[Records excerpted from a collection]
•••••

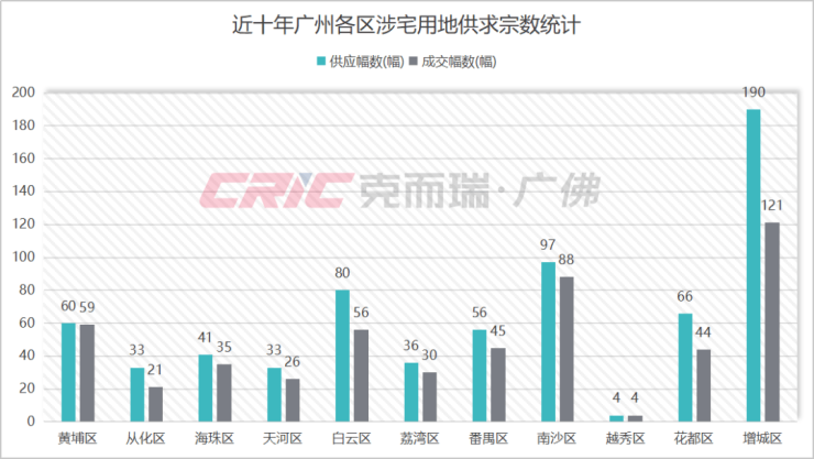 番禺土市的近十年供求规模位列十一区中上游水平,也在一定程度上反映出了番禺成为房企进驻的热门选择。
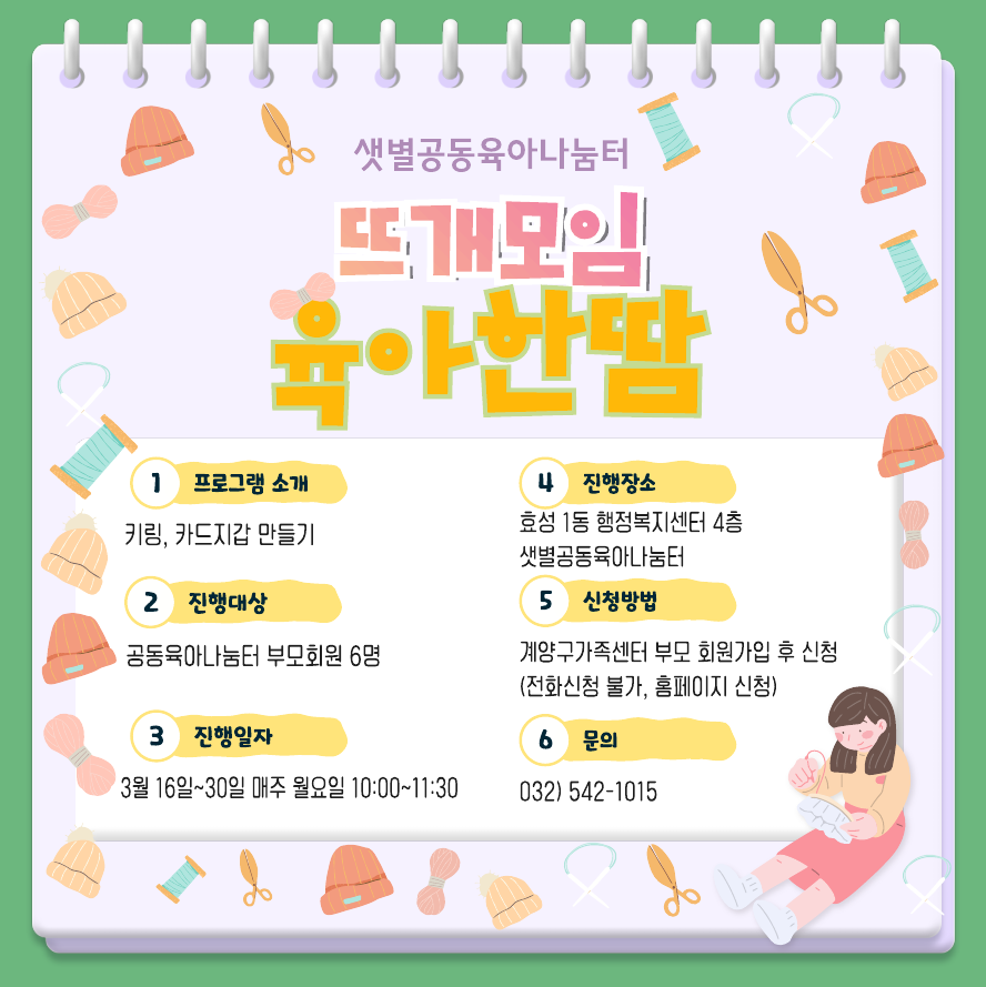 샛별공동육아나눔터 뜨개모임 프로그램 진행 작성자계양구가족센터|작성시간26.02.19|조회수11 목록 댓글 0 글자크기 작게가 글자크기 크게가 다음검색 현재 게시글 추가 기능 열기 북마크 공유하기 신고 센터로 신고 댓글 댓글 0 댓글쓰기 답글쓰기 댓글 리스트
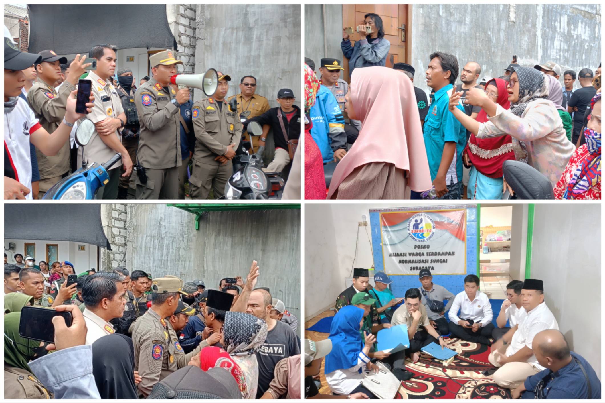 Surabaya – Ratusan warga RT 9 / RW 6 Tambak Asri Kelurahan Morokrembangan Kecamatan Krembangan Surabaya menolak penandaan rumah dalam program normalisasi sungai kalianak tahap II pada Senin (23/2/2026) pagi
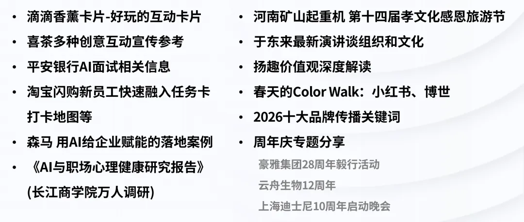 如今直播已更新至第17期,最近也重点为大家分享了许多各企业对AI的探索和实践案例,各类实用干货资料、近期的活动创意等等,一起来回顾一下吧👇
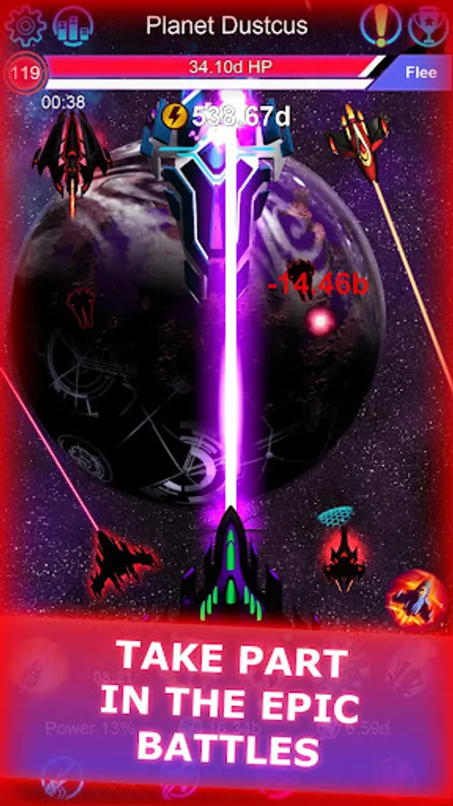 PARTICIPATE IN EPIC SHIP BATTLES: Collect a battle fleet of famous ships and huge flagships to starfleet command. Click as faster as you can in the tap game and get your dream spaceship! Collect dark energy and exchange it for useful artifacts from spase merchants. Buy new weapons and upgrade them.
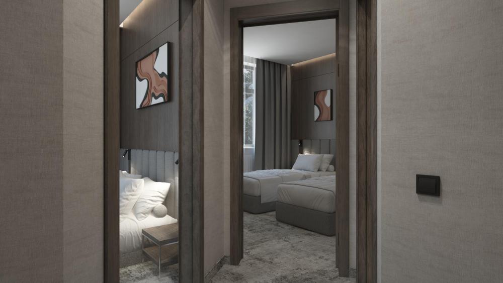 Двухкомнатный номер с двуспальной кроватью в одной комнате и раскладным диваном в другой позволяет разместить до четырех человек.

•••••

> Goal of the exercise
Restating the data word for word is the task, and pictures are to be omitted.

> Problem solution
 番禺土市的近十年供求规模位列十一区中上游水平,也在一定程度上反映出了番禺成为房企进驻的热门选择。
 샛별공동육아나눔터 뜨개모임 프로그램 진행 작성자계양구가족센터|작성시간26.02.19|조회수11 목록 댓글 0 글자크기 작게가 글자크기 크게가 다음검색 현재 게시글 추가 기능 열기 북마크 공유하기 신고 센터로 신고 댓글 댓글 0 댓글쓰기 답글쓰기 댓글 리스트
 Surabaya – Ratusan warga RT 9 / RW 6 Tambak Asri Kelurahan Morokrembangan Kecamatan Krembangan Surabaya menolak penandaan rumah dalam program normalisasi sungai kalianak tahap II pada Senin (23/2/2026) pagi
 如今直播已更新至第17期,最近也重点为大家分享了许多各企业对AI的探索和实践案例,各类实用干货资料、近期的活动创意等等,一起来回顾一下吧👇
 PARTICIPATE IN EPIC SHIP BATTLES: Collect a battle fleet of famous ships and huge flagships to starfleet command. Click as faster as you can in the tap game and get your dream spaceship! Collect dark energy and exchange it for useful artifacts from spase merchants. Buy new weapons and upgrade them.
 Двухкомнатный номер с двуспальной кроватью в одной комнате и раскладным диваном в другой позволяет разместить до четырех человек.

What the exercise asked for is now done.